May Mobility is seeking talented data scientists and machine learning engineers to develop automated methods for tagging data collected by their autonomous vehicles. This will enable them to generate valuable insights from their data, making it easily searchable for triaging issues, creating test sets, and building datasets for autonomy improvements, ultimately impacting development and business decisions.
Requirements
- Expert proficiency in designing and implementing deep learning architectures for combining visual data with sequential or time-series data streams for offline analysis.
- Strong understanding of data labeling best practices, label consistency, and performance metrics specifically relevant to large-scale auto-tagging accuracy and dataset curation.
- Expertise in machine learning, with hands-on experience in the design, training, and evaluation of a wide range of algorithms.

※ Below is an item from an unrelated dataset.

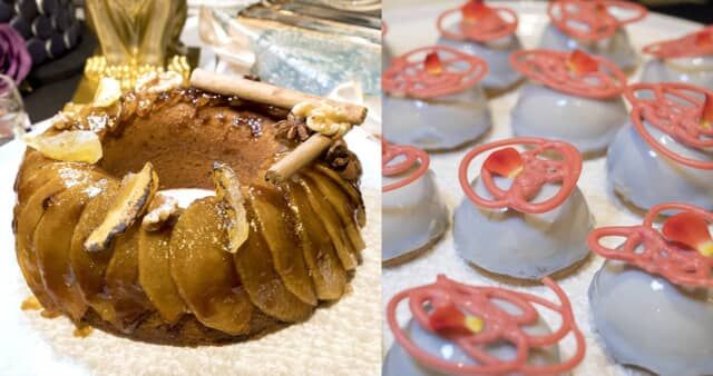 「王妃のお夜食」は、シナモン、クローブ、アニス風味のキャラメルで煮込んだたっぷりのリンゴで包み、ローストした胡桃やドライフルーツを飾った紅茶風味のケーキです。そしてひと口サイズの「パピヨン」は、秋に美味しいスモモ “ミラベル” ムースの中に香水のように香るベルガモットジュレが入っています。

- Awareness of the latest advancements in the field, with the ability to translate innovative concepts into practical solutions for May.
- Excellent problem-solving skills with a meticulous approach to model architecture and optimization.

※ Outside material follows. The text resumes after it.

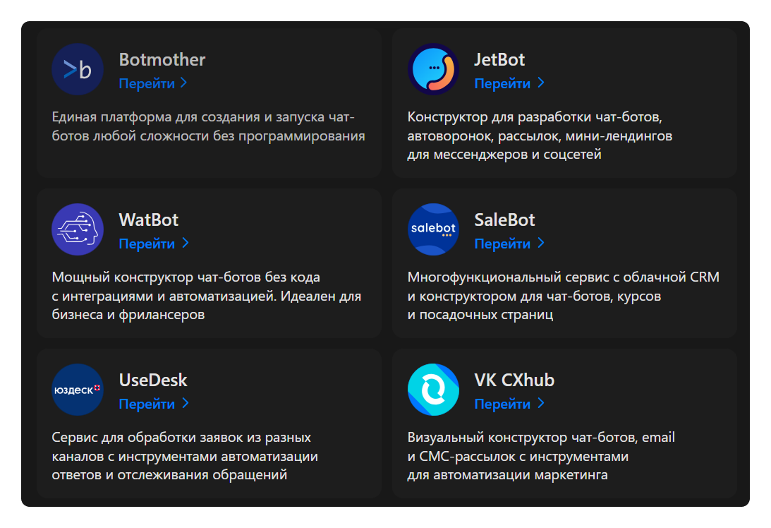 Чтобы не писать сценарий с нуля, возьмите готовый шаблон — для записи на приём, квиза, расписания тренировок и прочего. Для этого подключите любой партнёрский конструктор: BotMother, JetBot, WatBot, SaleBot, UseDesk, VKCXhub. Все они работают с Max и не требуют знаний кода.

- 5+ years of hands-on experience as a Data Scientist or ML Engineer with a strong focus on algorithm design and machine learning.

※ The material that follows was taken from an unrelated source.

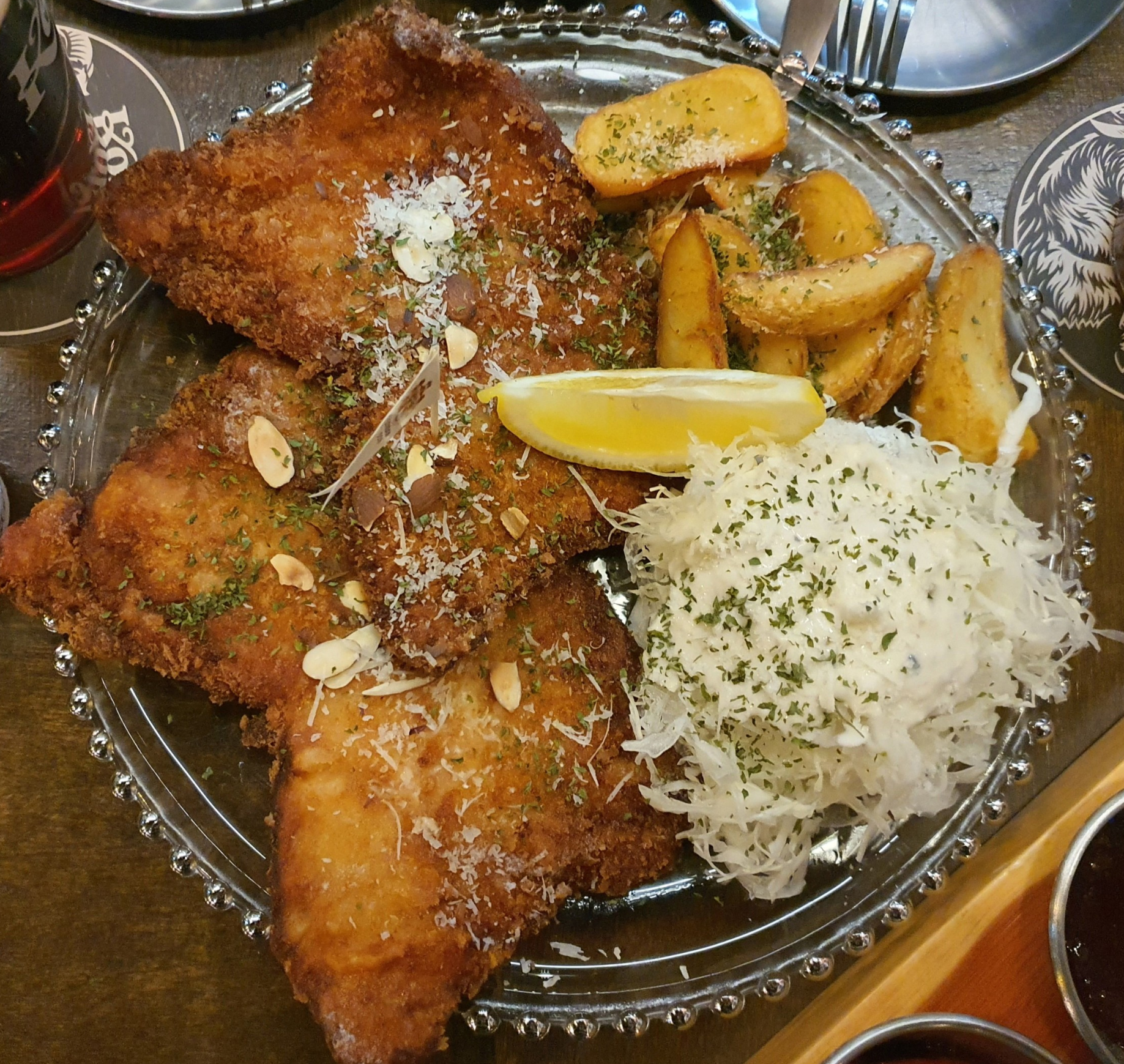 특히 수제맥주 코젤은 달달하고 세지 않아 여성분들에게 인기 많아요. 칵테일 중에는 한 여름 밤의 꿈이라는 메뉴가 부모님이 직접 키우신 사과 나무의 과일로 만든 수제사과청 칵테일입니다. 안주요리로는 슈니첼이 인기 있는데요. 돈까스를 버터에 굽고 레몬즙 뿌려서 딸기쨈과 먹는 요리인데 기존에 알던 돈까스와 차원이 달라요. 그리고 크리스피 치킨은 생닭만 사용하고 미리 튀겨놓지 않고 주문 즉시 조리하니 바싹한 맛이 일품입니다.

- Expert-level programming skills in Python with extensive use of modern deep learning frameworks like TensorFlow or PyTorch.
Responsibilities
- Design, implement, and deploy state-of-the-art machine learning models for analyzing multimodal data to generate searchable metadata and facilitating downstream engineering workflows such as quick issue triaging.
- Research and implement novel techniques for sequential feature extraction, weak supervision, and self-supervised learning to efficiently handle long-tail events and continuously improve labeling data quality.
- Curate high-quality datasets by applying advanced data mining techniques to ensure model robustness, performance, and coverage.
- Establish and maintain frameworks for model validation and performance monitoring to drive continuous improvement.
Other
- B.S, M.S. or Ph.D. Degree in Engineering, Data Science, Computer Science, Math, or a related quantitative field.
- Experience working with multimodal data like visual data (images/video), structured perception and behavior outputs (e.g., agent tracks, vehicle state estimation, motion planner outputs).
- Demonstrated experience in building and deploying production-level machine learning systems from conception to delivery.
- Expertise in PySpark/Apache Spark for handling large-scale data processing.
- Background in robotics or autonomous systems.